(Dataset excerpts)
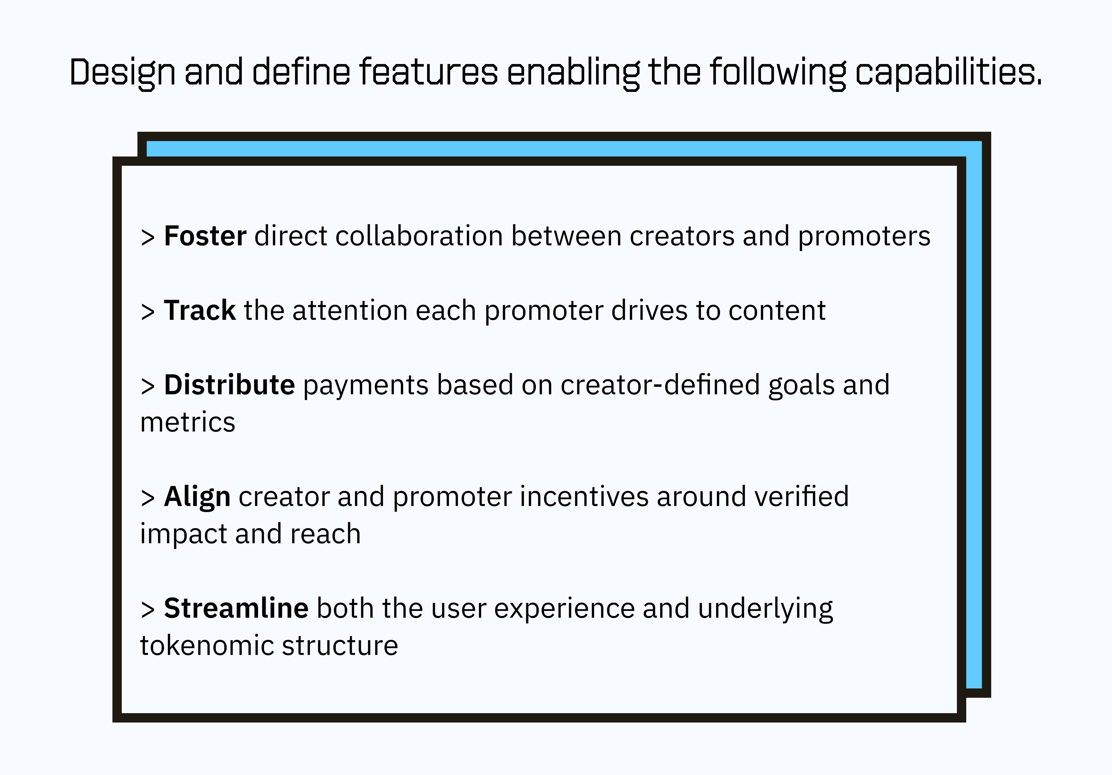 I broke down the task into 5 core requirements, iterating on each with multiple divergent solutions, rounds of user testing and rough prototypes. The features we built needed to shift the orbit of the typical online media economy from value extraction to outcome-alignment and value delivery.
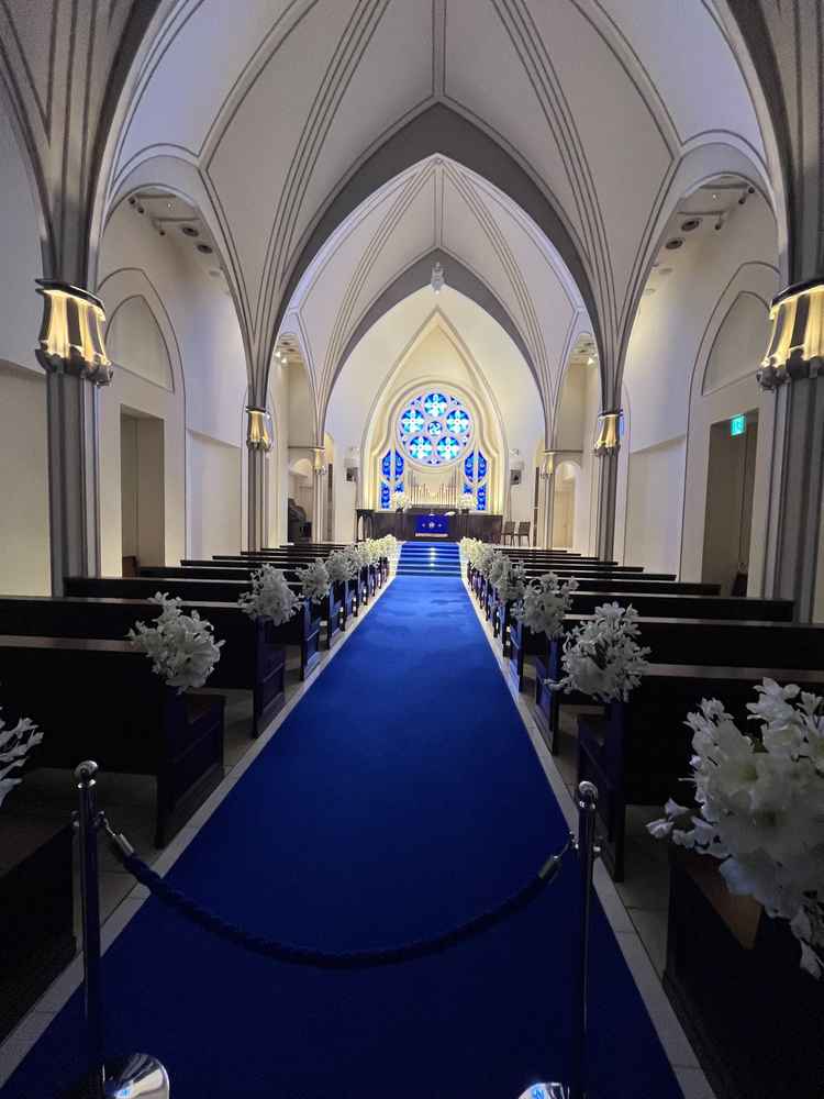 ウェディングドレスが映える ロイヤルブルーのチャペル
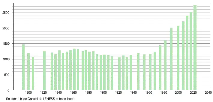 - ↑ Fiches Insee - Populations de référence de la commune pour les années 2006, 2007, 2008, 2009, 2010, 2011, 2012, 2013, 2014, 2015, 2016, 2017, 2018, 2019, 2020, 2021 et 2022.
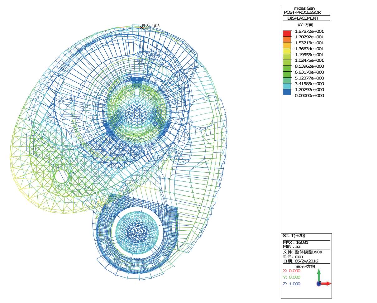 升温 20℃作用下整体结构的最大水平位移为 18.8mm,位于北侧外立面上(图 2-29)。
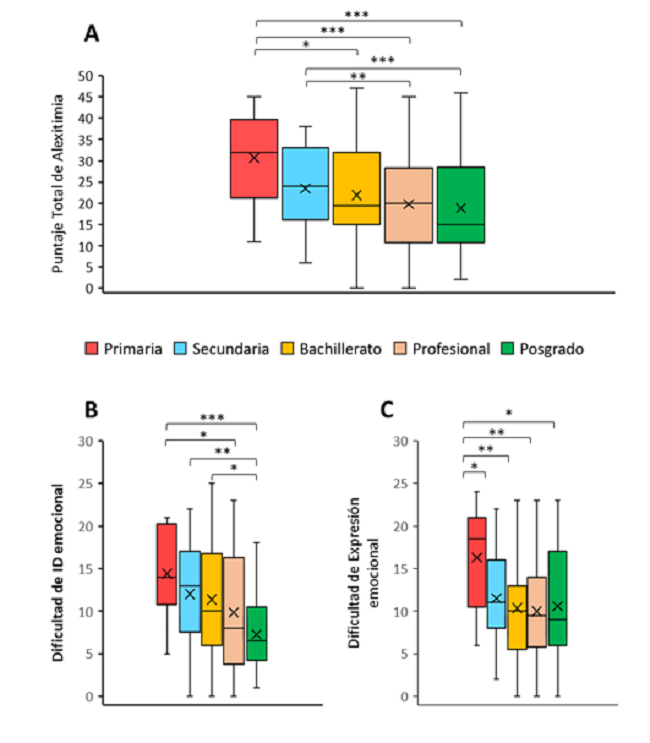 Las comparaciones múltiples de F2 del puntaje de alexitimia hallaron diferencias significativas entre las puntaciones de personas con primaria y secundaria (p = 0.020), entre personas con primaria y personas con bachillerato (p = 0.005), personas con primaria y educación profesional (p = 0.007), y personas con primaria y posgrado (p = 0.024) (ver Figura 2C).
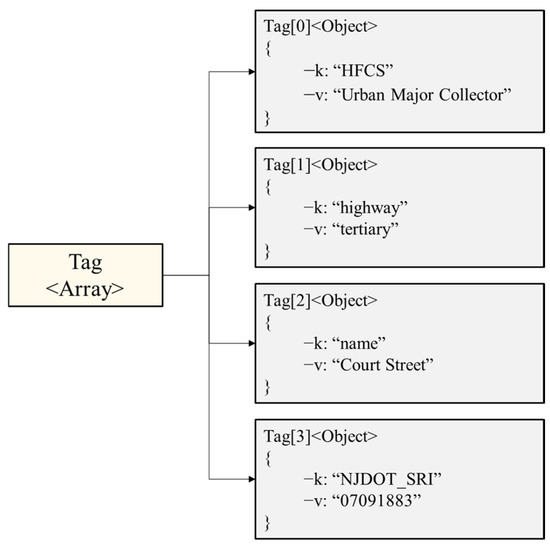 Second, data cleaning and simplification are performed. For urban area earthquake disaster scenarios, the original OSM dataset contains a large amount of redundant information, and the tags often contain key–value pairs that are not related to the entity attributes. Figure 6 shows the tag structure of a way element. “NJDOT_SRI” in Tag [3] is the identification information for the editor, for which it is difficult to distinguish the true meaning. Such information should be removed in the data simplification process.

▸ Problem details
Copy all the lines of data exactly as they appear, dropping any images.

▸ Response area
 I broke down the task into 5 core requirements, iterating on each with multiple divergent solutions, rounds of user testing and rough prototypes. The features we built needed to shift the orbit of the typical online media economy from value extraction to outcome-alignment and value delivery.
 ウェディングドレスが映える ロイヤルブルーのチャペル
 - ↑ Fiches Insee - Populations de référence de la commune pour les années 2006, 2007, 2008, 2009, 2010, 2011, 2012, 2013, 2014, 2015, 2016, 2017, 2018, 2019, 2020, 2021 et 2022.
 升温 20℃作用下整体结构的最大水平位移为 18.8mm,位于北侧外立面上(图 2-29)。
 Las comparaciones múltiples de F2 del puntaje de alexitimia hallaron diferencias significativas entre las puntaciones de personas con primaria y secundaria (p = 0.020), entre personas con primaria y personas con bachillerato (p = 0.005), personas con primaria y educación profesional (p = 0.007), y personas con primaria y posgrado (p = 0.024) (ver Figura 2C).
 Second, data cleaning and simplification are performed. For urban area earthquake disaster scenarios, the original OSM dataset contains a large amount of redundant information, and the tags often contain key–value pairs that are not related to the entity attributes. Figure 6 shows the tag structure of a way element. “NJDOT_SRI” in Tag [3] is the identification information for the editor, for which it is difficult to distinguish the true meaning. Such information should be removed in the data simplification process.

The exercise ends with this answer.